Raw read pairs were aligned to the human genome (hg19) using bwa-meth [3], a bisulfite aware wrapper for the bwa-mem aligner [4]. Read pairs with identical strand, start and end positions were considered PCR duplicates and removed from downstream analysis using MarkDuplicates from the Picard toolset (http://broadinstitute.github.io/picard/). BisSNP [5] was then used to extract the methylation status of all WCG and GCH sites in the genome for each cell line, and custom scripts (supplied in Supplementary Data 1) then used to tabulate the number of cytosine (i.e. methylated) and thymine (i.e. unmethylated) containing reads across each GCH and WCG in each cell line. These tables were then imported into R for downstream analysis.

Detection of nucleosome depleted regions (NDRs)

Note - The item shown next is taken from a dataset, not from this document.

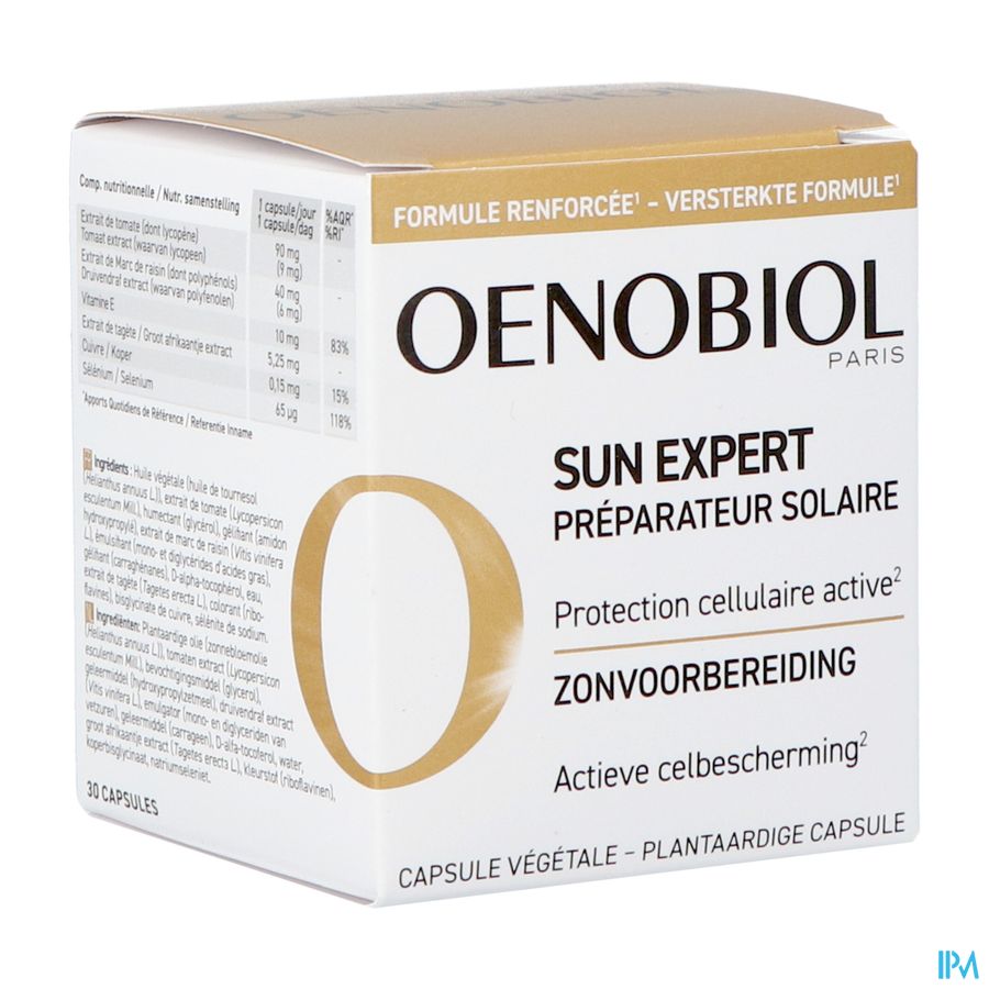 Oenobiol Sun Expert Caps 30 est un complément alimentaire disponible en pharmacie. Il ne peut se substituer à un mode de vie sain et à une alimentation variée et équilibrée. Ne prenez pas plus que la dose quotidienne recommandée indiquée sur l'emballage. Demandez conseil à votre pharmacien. Tenir hors de portée des enfants.

A sliding window chi-squared test was used to detect regions of statistically significant increased GCH methylation compared to the whole genome as a background, indicating a potential NDR. The number of methylated (C) and unmethylated (T) counts at GCH sites with at least 5× sequencing coverage was summed in 100 bp windows at 20 bp spacing. Each window was tested against the sum of Cs and Ts of the whole genome, and windows were considered significant when their P-value is < 10− 15. Overlapping significant windows are then joined, and only returned as an NDR if at least 140 bp in size. This procedure is implemented in the ‘findNDRs’ function of the aaRon R package (http://github.com/astatham/aaRon) with user-tunable parameters. Fig. 1 shows the number of NDRs found in each cell line by ‘findNDRs’ using the default settings, that many of these NDRs overlap between the four cell lines and that a significant number are also unique to a single cell line.
Fig. 1

Venn diagram of overlap between nucleosome depleted regions found in the four cell lines. Statistically significant NDRs calls were obtained from the ‘findNDRs’ function and overlaps between the cell lines were plotted with the ‘grangesVenn’ function in aaRon.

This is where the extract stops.